→ **PROBLEM DESCRIPTION**
Return, word for word, the lines of the listing below from the one with "ソファー 一人掛け ローソファー" through the one with "The results indicated", and no other lines.

→ **DATA FOR THIS TASK**
▼

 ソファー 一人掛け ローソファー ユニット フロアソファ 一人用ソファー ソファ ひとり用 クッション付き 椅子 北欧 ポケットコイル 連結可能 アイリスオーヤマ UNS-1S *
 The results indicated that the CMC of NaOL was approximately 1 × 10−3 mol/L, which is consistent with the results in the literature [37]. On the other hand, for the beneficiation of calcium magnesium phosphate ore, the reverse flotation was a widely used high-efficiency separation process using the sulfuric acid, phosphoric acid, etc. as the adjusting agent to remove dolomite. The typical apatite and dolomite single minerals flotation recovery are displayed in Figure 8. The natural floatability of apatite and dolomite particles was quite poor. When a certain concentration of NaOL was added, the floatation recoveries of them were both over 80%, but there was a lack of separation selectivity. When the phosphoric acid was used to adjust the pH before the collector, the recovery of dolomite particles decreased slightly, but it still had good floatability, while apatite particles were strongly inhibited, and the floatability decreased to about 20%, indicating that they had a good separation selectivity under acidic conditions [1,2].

▲
▼

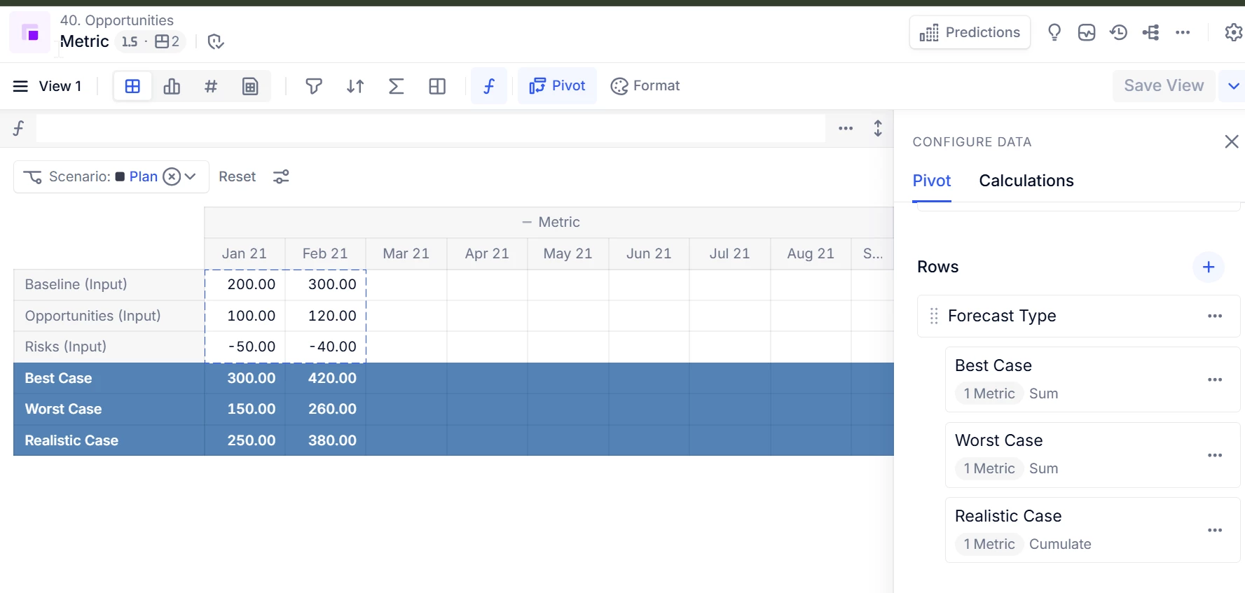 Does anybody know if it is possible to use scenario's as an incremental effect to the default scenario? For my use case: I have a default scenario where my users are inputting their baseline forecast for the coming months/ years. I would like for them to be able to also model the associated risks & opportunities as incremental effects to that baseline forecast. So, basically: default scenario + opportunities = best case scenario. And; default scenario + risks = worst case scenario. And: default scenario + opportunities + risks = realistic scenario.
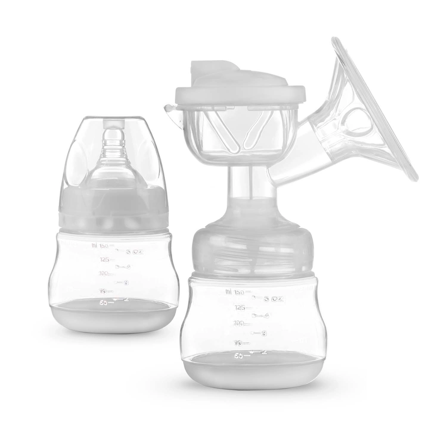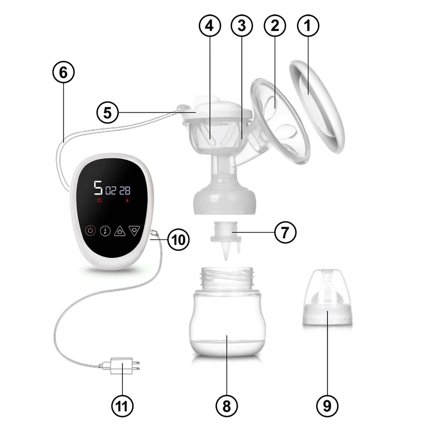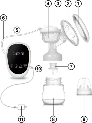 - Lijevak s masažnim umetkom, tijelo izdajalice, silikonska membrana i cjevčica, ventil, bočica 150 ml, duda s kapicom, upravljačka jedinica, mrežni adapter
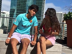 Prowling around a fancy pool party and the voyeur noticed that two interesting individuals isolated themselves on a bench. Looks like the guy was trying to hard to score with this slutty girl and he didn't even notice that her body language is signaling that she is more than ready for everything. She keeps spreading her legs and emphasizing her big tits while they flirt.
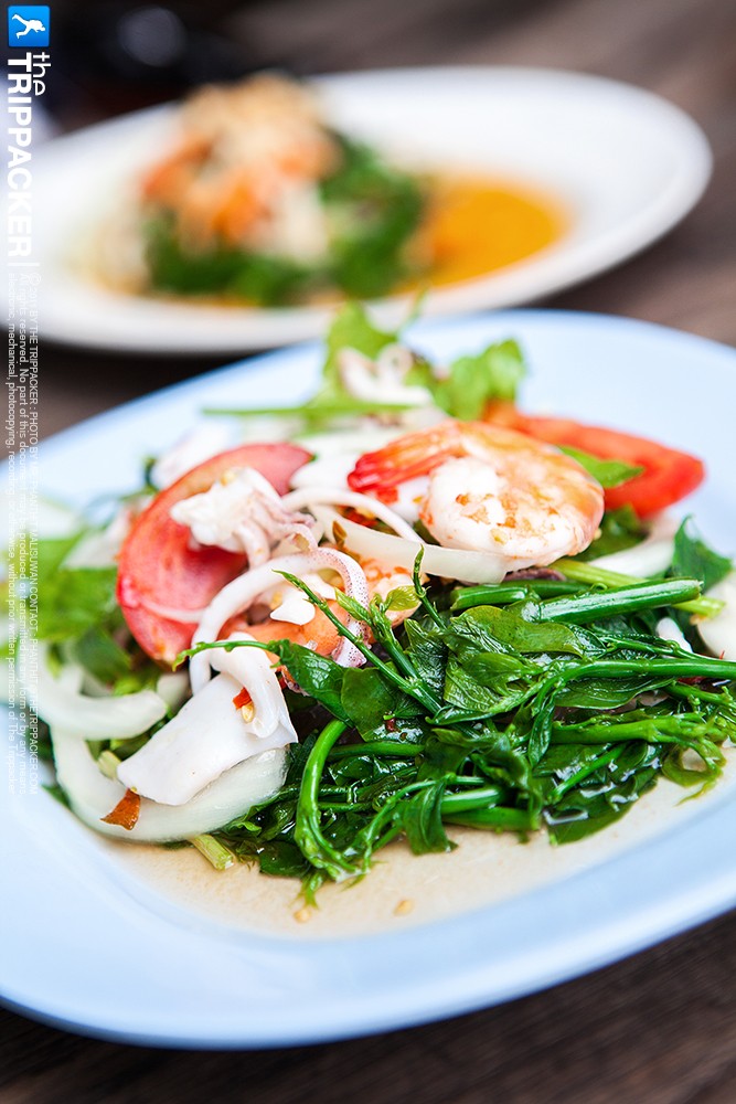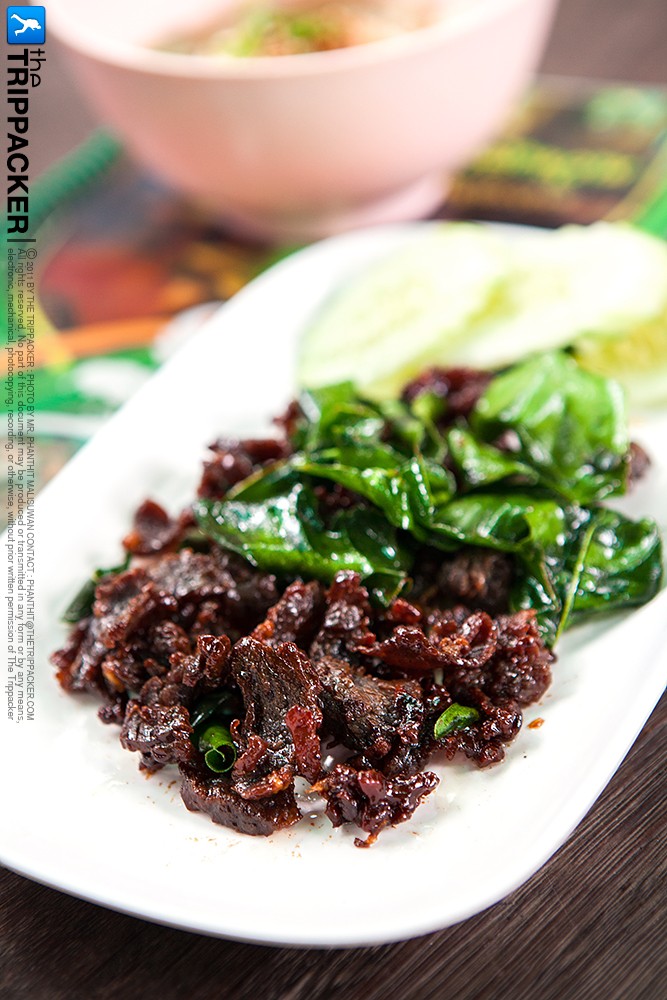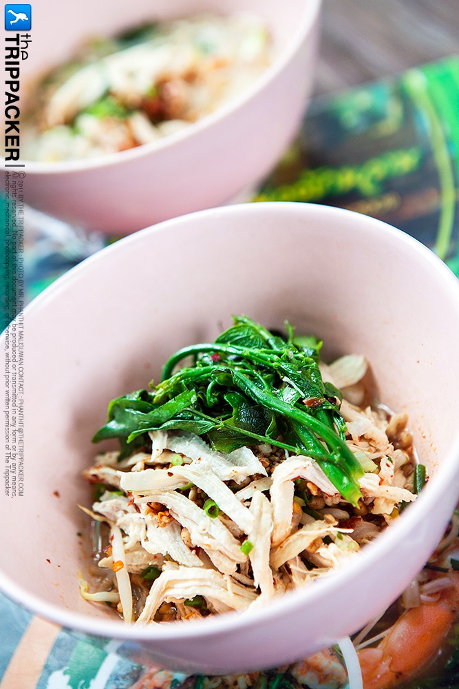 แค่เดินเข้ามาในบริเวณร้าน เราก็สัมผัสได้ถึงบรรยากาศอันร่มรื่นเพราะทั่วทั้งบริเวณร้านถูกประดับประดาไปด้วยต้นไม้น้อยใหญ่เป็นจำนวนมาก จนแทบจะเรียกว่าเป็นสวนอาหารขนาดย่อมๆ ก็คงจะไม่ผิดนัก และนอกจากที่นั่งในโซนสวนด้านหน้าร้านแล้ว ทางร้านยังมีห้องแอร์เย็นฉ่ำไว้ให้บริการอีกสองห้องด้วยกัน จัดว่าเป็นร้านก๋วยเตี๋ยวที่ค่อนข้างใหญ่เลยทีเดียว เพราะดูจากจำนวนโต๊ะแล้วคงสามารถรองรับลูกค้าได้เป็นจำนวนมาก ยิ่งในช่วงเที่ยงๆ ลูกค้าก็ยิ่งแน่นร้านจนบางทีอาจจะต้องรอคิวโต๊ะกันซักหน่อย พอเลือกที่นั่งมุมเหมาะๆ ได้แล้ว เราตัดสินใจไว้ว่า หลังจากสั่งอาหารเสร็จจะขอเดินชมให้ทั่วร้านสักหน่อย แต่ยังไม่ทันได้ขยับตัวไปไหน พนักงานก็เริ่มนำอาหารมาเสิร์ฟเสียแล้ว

▲

→ **EXPECTED ANSWER**
 ソファー 一人掛け ローソファー ユニット フロアソファ 一人用ソファー ソファ ひとり用 クッション付き 椅子 北欧 ポケットコイル 連結可能 アイリスオーヤマ UNS-1S *
 The results indicated that the CMC of NaOL was approximately 1 × 10−3 mol/L, which is consistent with the results in the literature [37]. On the other hand, for the beneficiation of calcium magnesium phosphate ore, the reverse flotation was a widely used high-efficiency separation process using the sulfuric acid, phosphoric acid, etc. as the adjusting agent to remove dolomite. The typical apatite and dolomite single minerals flotation recovery are displayed in Figure 8. The natural floatability of apatite and dolomite particles was quite poor. When a certain concentration of NaOL was added, the floatation recoveries of them were both over 80%, but there was a lack of separation selectivity. When the phosphoric acid was used to adjust the pH before the collector, the recovery of dolomite particles decreased slightly, but it still had good floatability, while apatite particles were strongly inhibited, and the floatability decreased to about 20%, indicating that they had a good separation selectivity under acidic conditions [1,2].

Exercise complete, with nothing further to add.